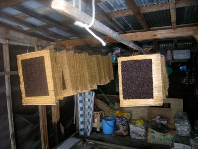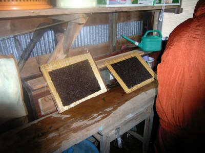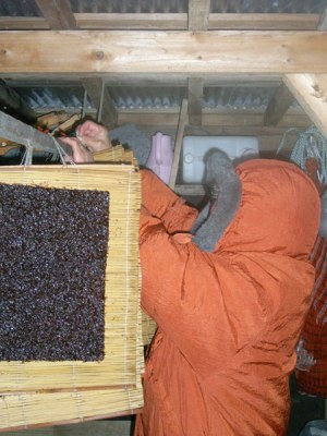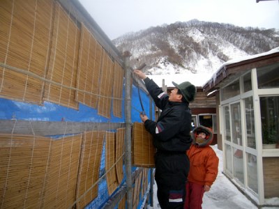 乾燥凍結1:のり打ちの終わった簾を、一旦小屋の中で水を切り乾燥させます。
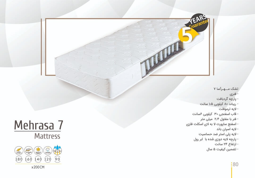 مشخصات فنی : تشک مهرآسا7 دارای 25 سانتیمتر ارتفاع است. شامل فنر متصل یکپارچه است. تشک مهرآسا7 از نوع تشکهای طبی است که بهترین کیفیت خواب را فراهم میکند. فنربندی متصل به صورت یک لایه یکپارچه فنر در هسته مرکزی تشک است. تشکهای فنر متصل را به نام تشکهای خوشخواب میشناسیم و درجه سفتی متفاوت از کاملا نرم تا کاملا سفت را دارند. تشک مهرآسا7 دارای درجه سفتی متوسط رو به نرم است. ترکیب اسفنج های 30 کیلویی در کنار اسفنج ریباند باعث شده که این تشک دارای درجه سفتی متوسط رو به نرم باشد. مدل دیگری از تشکهای فنرمتصل تشک ریلکس از برند رویال آریانا است. مشخصات تشک فنری ریلکس از برند رویال آریانا.
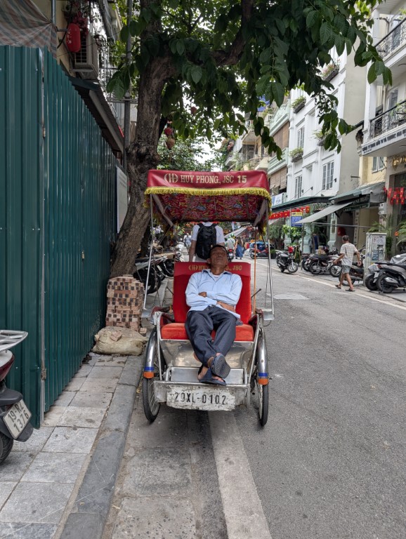 The hassle of just getting around, and finding a space to walk along congested streets when all of the footpaths are taken over by parked motorbikes; as well as cyclo drivers yelling out “hello madam”, massage spa owners yelling out “madam, massage”, restaurant owners yelling out “madam, eating”; and the incessant heat and humidity of Hanoi just wore us down.
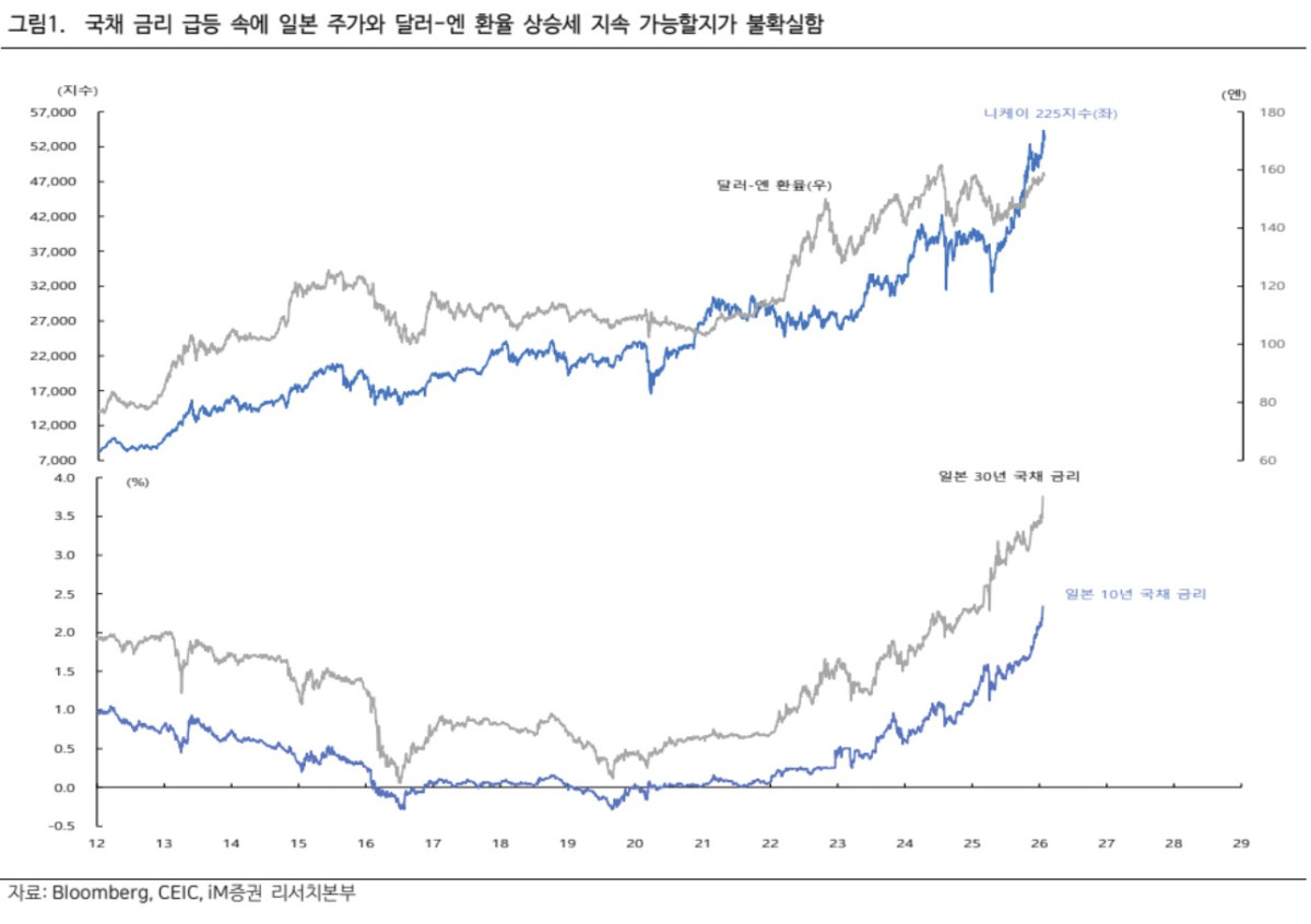 박상현 iM증권 이코노미스트는 21일 “일본 국채 금리가 저금리 국면을 벗어나 주식시장에 우호적 환경이 아니다”며 “다카이치 트레이드가 한계점에 이르고 있다”고 이같이 밝혔다.
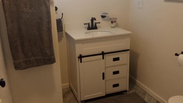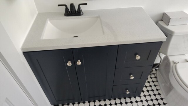 • Stock or ready-to-assemble vanity and tops (cultured marble / stock quartz)
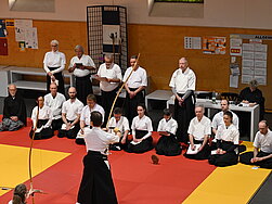 Bei den Vorträgen ging es vor allem um Neuigkeiten und Schwerpunkte, die dieses Jahr bei den IKyF-Seminaren in Magglingen vermittelt wurden. Eines der Themen war das tenouchi. Korrektes Ansetzen im yugamae, finale Positionierung im daisan, Kräfte im nobiai, hanare und zanshin.
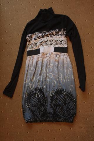 Suknelė tampri, nešiota vieną kartą. Dydis rašo M, bet sakyčiau, kad labiau S/M.
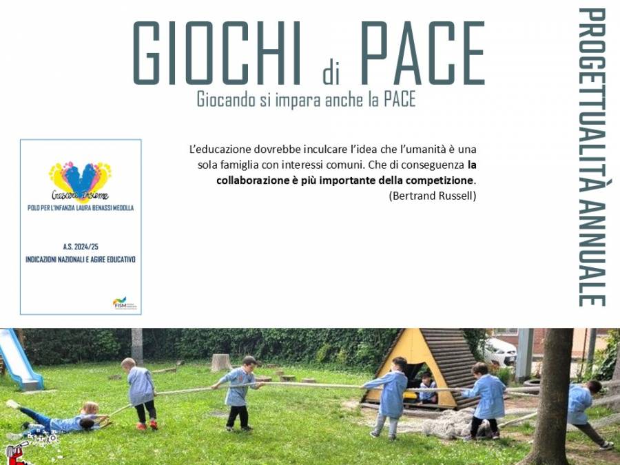 Giocare, insieme alla relazione, rappresenta la via privilegiata per apprendere. Attraverso il gioco si promuovono solidarietà, cooperazione e rispetto reciproco: elementi fondamentali per costruire un futuro migliore. È nel gioco che i bambini imparano a conoscersi, a collaborare, a scoprire l’altro come risorsa, sperimentando la gioia di crescere insieme.
----------------------------------------
◆ **PROBLEM REQUIREMENTS**
Would you reproduce the listing above exactly, without any of its images?

◆ **RESPONSE TO THE TASK**
 乾燥凍結1:のり打ちの終わった簾を、一旦小屋の中で水を切り乾燥させます。
 مشخصات فنی : تشک مهرآسا7 دارای 25 سانتیمتر ارتفاع است. شامل فنر متصل یکپارچه است. تشک مهرآسا7 از نوع تشکهای طبی است که بهترین کیفیت خواب را فراهم میکند. فنربندی متصل به صورت یک لایه یکپارچه فنر در هسته مرکزی تشک است. تشکهای فنر متصل را به نام تشکهای خوشخواب میشناسیم و درجه سفتی متفاوت از کاملا نرم تا کاملا سفت را دارند. تشک مهرآسا7 دارای درجه سفتی متوسط رو به نرم است. ترکیب اسفنج های 30 کیلویی در کنار اسفنج ریباند باعث شده که این تشک دارای درجه سفتی متوسط رو به نرم باشد. مدل دیگری از تشکهای فنرمتصل تشک ریلکس از برند رویال آریانا است. مشخصات تشک فنری ریلکس از برند رویال آریانا.
 The hassle of just getting around, and finding a space to walk along congested streets when all of the footpaths are taken over by parked motorbikes; as well as cyclo drivers yelling out “hello madam”, massage spa owners yelling out “madam, massage”, restaurant owners yelling out “madam, eating”; and the incessant heat and humidity of Hanoi just wore us down.
 박상현 iM증권 이코노미스트는 21일 “일본 국채 금리가 저금리 국면을 벗어나 주식시장에 우호적 환경이 아니다”며 “다카이치 트레이드가 한계점에 이르고 있다”고 이같이 밝혔다.
 • Stock or ready-to-assemble vanity and tops (cultured marble / stock quartz)
 Bei den Vorträgen ging es vor allem um Neuigkeiten und Schwerpunkte, die dieses Jahr bei den IKyF-Seminaren in Magglingen vermittelt wurden. Eines der Themen war das tenouchi. Korrektes Ansetzen im yugamae, finale Positionierung im daisan, Kräfte im nobiai, hanare und zanshin.
 Suknelė tampri, nešiota vieną kartą. Dydis rašo M, bet sakyčiau, kad labiau S/M.
 Giocare, insieme alla relazione, rappresenta la via privilegiata per apprendere. Attraverso il gioco si promuovono solidarietà, cooperazione e rispetto reciproco: elementi fondamentali per costruire un futuro migliore. È nel gioco che i bambini imparano a conoscersi, a collaborare, a scoprire l’altro come risorsa, sperimentando la gioia di crescere insieme.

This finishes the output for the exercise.